Task to complete:
When you reach the line containing "Aplicativo que proporciona", please repeat it and every line after it exactly, through the end of the listing below, skipping pictures.

### Data segment

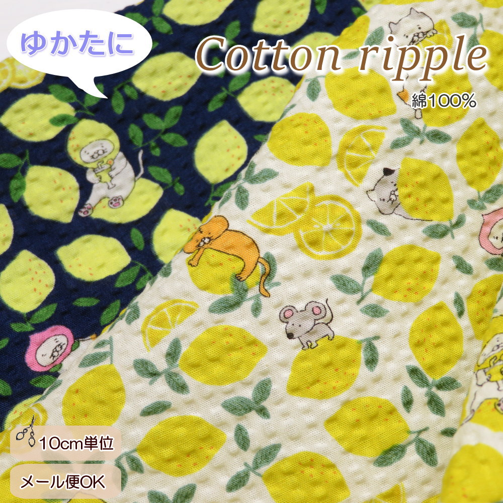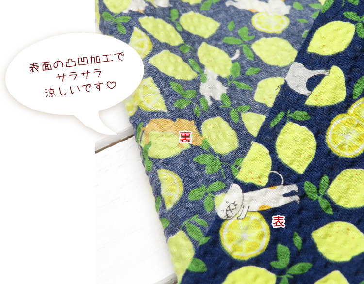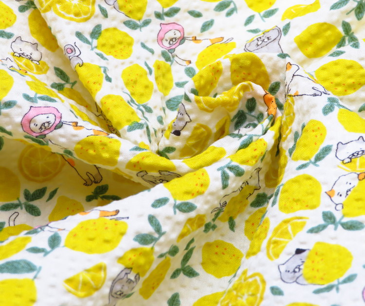猫柄プリントが可愛い♪ポコポコ感が涼しいリップル生地です。
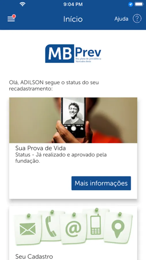 Aplicativo que proporciona aos assistidos e pensionistas da MBPrev – Mercedes-Benz Previdência Complementar a realização dos processos de Recadastramento e Prova de Vida, através de uma solução de inteligência artificial que utiliza reconhecimento facial e de documentos.
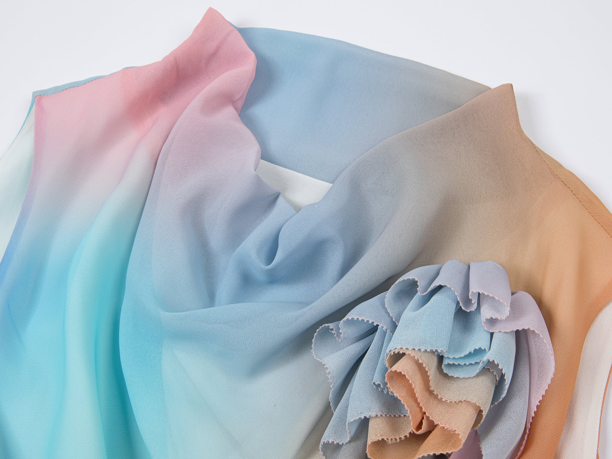 Semi-sheer chiffon with layered floral appliqué. Creates soft movement with delicate charm.

######

Task answer:
 Aplicativo que proporciona aos assistidos e pensionistas da MBPrev – Mercedes-Benz Previdência Complementar a realização dos processos de Recadastramento e Prova de Vida, através de uma solução de inteligência artificial que utiliza reconhecimento facial e de documentos.
 Semi-sheer chiffon with layered floral appliqué. Creates soft movement with delicate charm.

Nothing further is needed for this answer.